[RECORDS Boundary: Start]

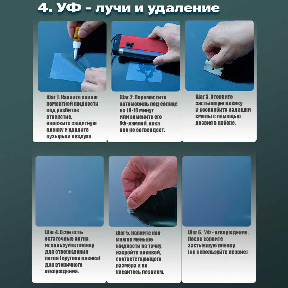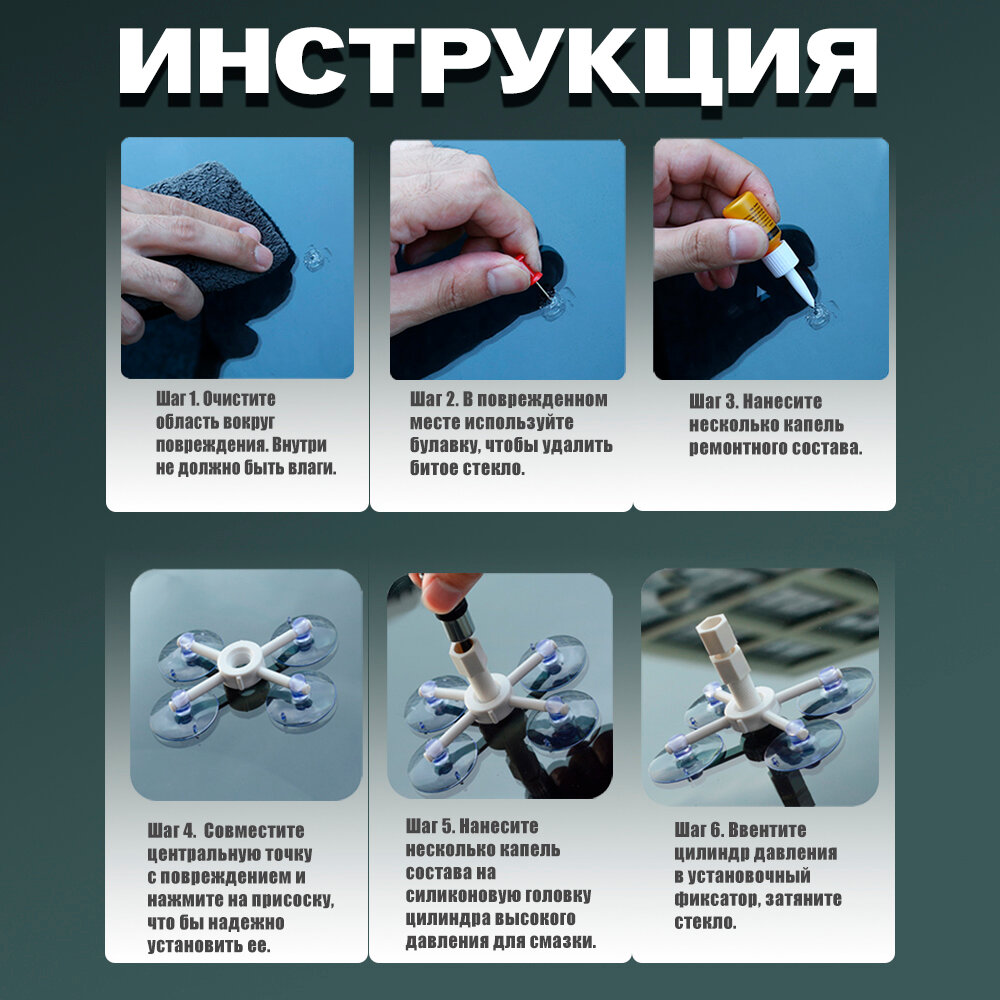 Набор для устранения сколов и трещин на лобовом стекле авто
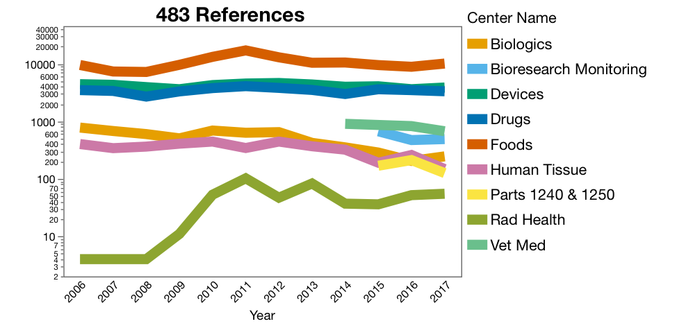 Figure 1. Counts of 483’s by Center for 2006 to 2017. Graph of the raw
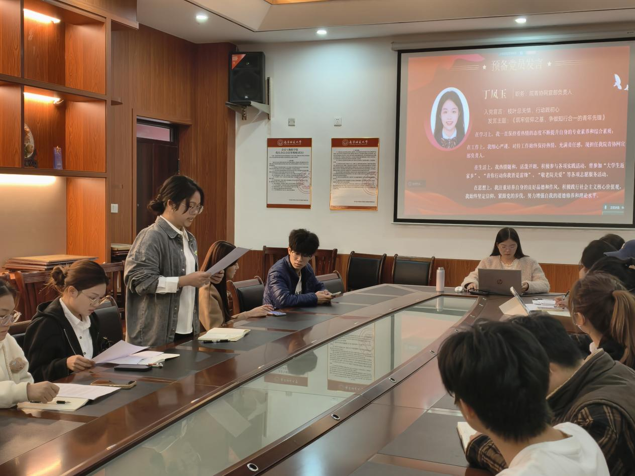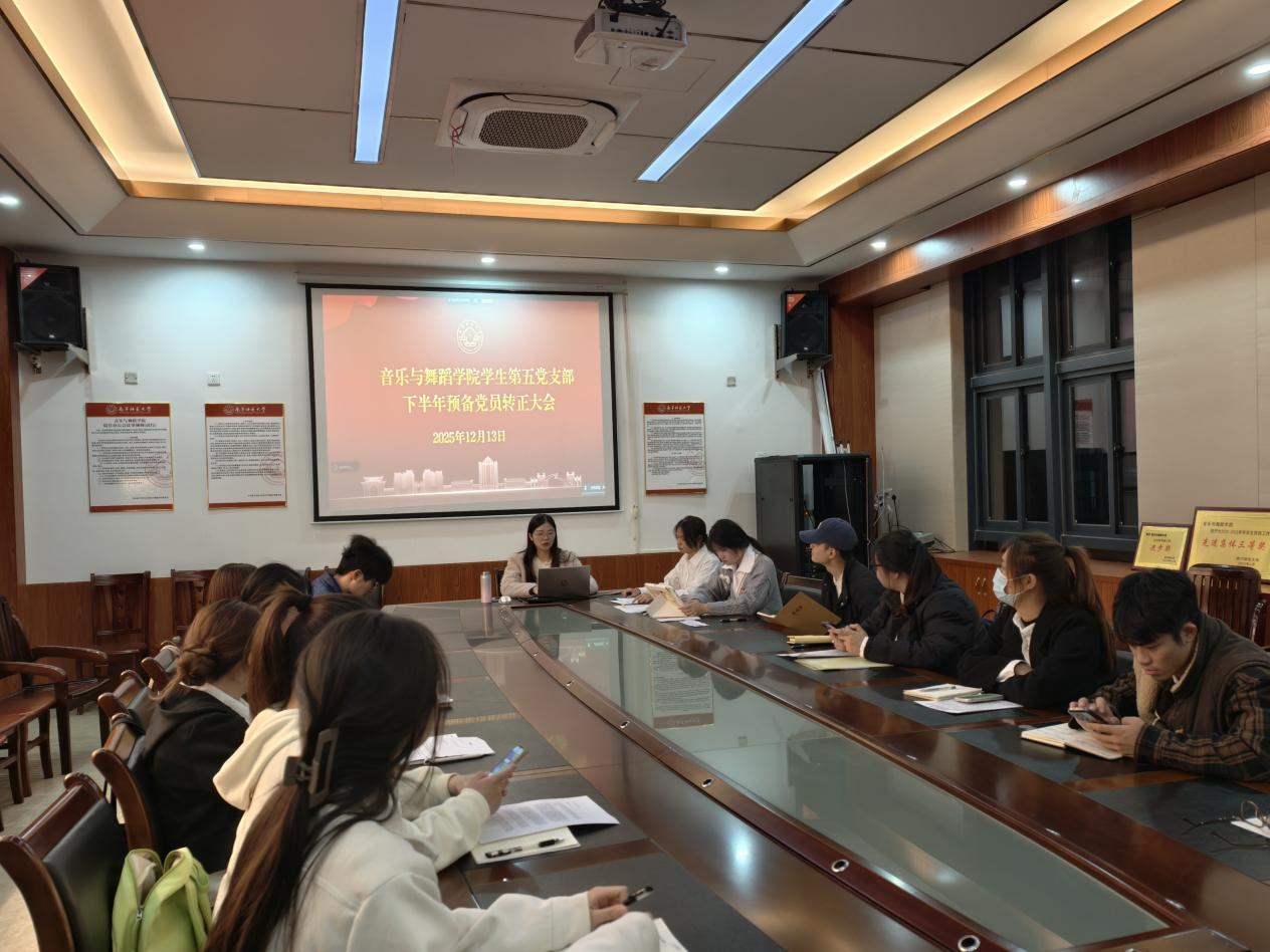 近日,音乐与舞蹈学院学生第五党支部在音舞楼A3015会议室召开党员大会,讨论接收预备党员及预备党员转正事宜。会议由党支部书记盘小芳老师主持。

[RECORDS Boundary: End]
[RECORDS Boundary: Start]

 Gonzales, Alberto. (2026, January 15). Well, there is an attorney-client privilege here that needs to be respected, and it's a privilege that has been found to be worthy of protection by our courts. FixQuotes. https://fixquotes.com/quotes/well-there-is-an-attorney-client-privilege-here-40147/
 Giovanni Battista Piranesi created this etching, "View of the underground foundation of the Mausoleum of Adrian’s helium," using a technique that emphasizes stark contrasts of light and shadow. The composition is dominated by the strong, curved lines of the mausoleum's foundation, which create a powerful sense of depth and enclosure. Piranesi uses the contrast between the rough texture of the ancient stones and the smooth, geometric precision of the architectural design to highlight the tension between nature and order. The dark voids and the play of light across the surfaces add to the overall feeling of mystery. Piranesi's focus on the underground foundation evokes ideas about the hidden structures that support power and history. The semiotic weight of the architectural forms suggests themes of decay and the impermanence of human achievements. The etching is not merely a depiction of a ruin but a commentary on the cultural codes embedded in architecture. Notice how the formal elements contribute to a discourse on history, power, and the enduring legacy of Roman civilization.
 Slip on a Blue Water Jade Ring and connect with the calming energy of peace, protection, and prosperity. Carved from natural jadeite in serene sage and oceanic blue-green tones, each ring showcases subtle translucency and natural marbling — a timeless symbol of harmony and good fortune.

[RECORDS Boundary: End]

§ **WHAT YOU SHOULD DO**: Look above for the line with "Набор для устранения" and the line with "近日,音乐与舞蹈学院学生第五". Copy them and every line between, exactly, but no pictures.

§ **EXERCISE ANSWER**:
 Набор для устранения сколов и трещин на лобовом стекле авто
 Figure 1. Counts of 483’s by Center for 2006 to 2017. Graph of the raw
 近日,音乐与舞蹈学院学生第五党支部在音舞楼A3015会议室召开党员大会,讨论接收预备党员及预备党员转正事宜。会议由党支部书记盘小芳老师主持。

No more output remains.